- _ACTIVITY_
From the first line to the last, return the data exactly, with no pictures.

- _DATA EXTRACT_
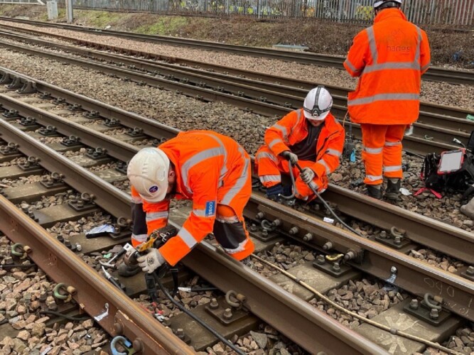 Pictured top: Engineers working on Network Rail track repairs (Picture: Network Rail)
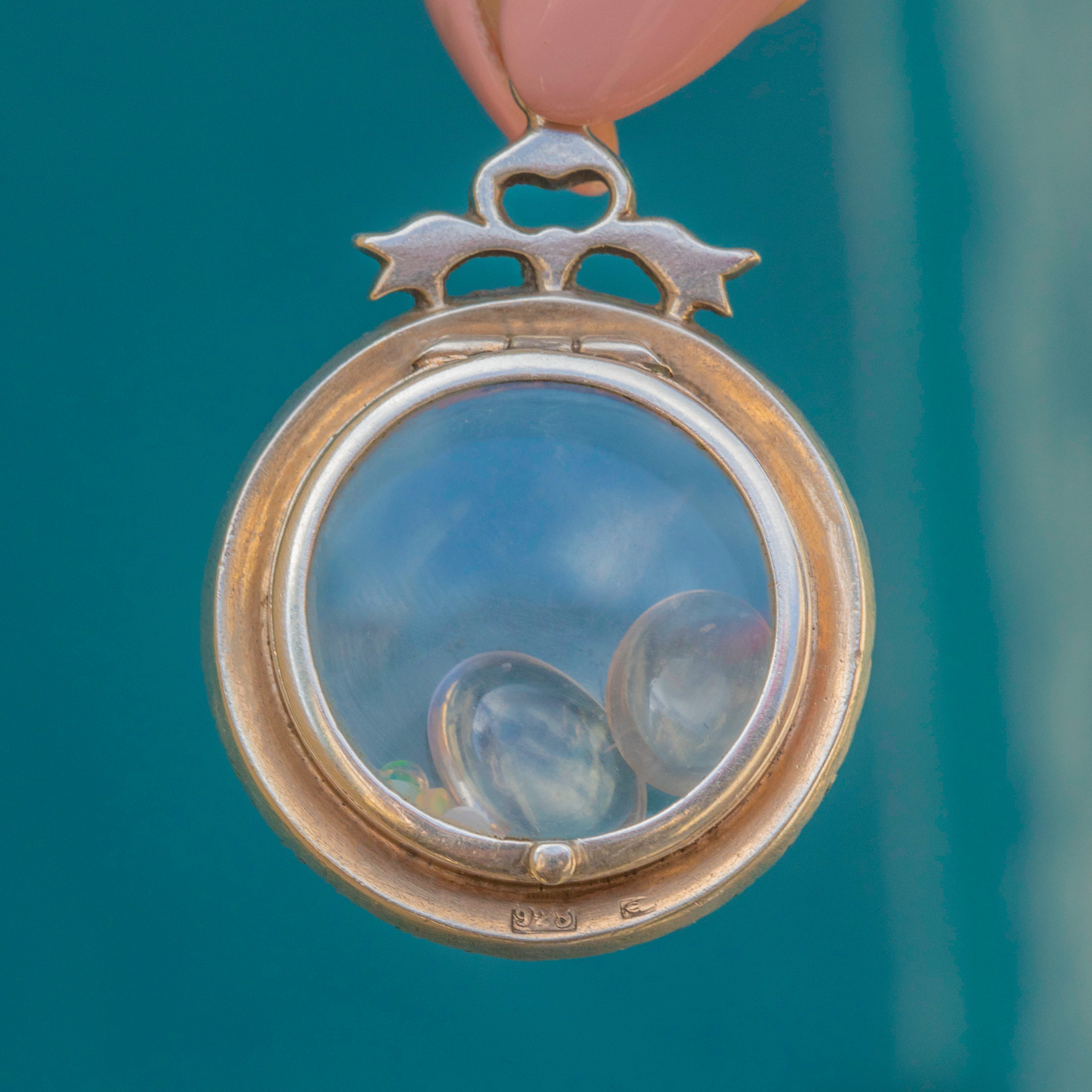 Edwardian Silver Shaker Locket, with loose Opals, Moonstones
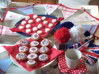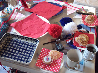 I’d had the keen help of Spike who made the Jam Pennies single handedly (top left in the image), and of course the red, white and blue pompoms, whilst I made the cucumber sandwiches, cupcakes and laid the table. King Julien and Tuna were busy finishing off their homework.

- _SOLVED PROBLEM_
 Pictured top: Engineers working on Network Rail track repairs (Picture: Network Rail)
 Edwardian Silver Shaker Locket, with loose Opals, Moonstones
 I’d had the keen help of Spike who made the Jam Pennies single handedly (top left in the image), and of course the red, white and blue pompoms, whilst I made the cucumber sandwiches, cupcakes and laid the table. King Julien and Tuna were busy finishing off their homework.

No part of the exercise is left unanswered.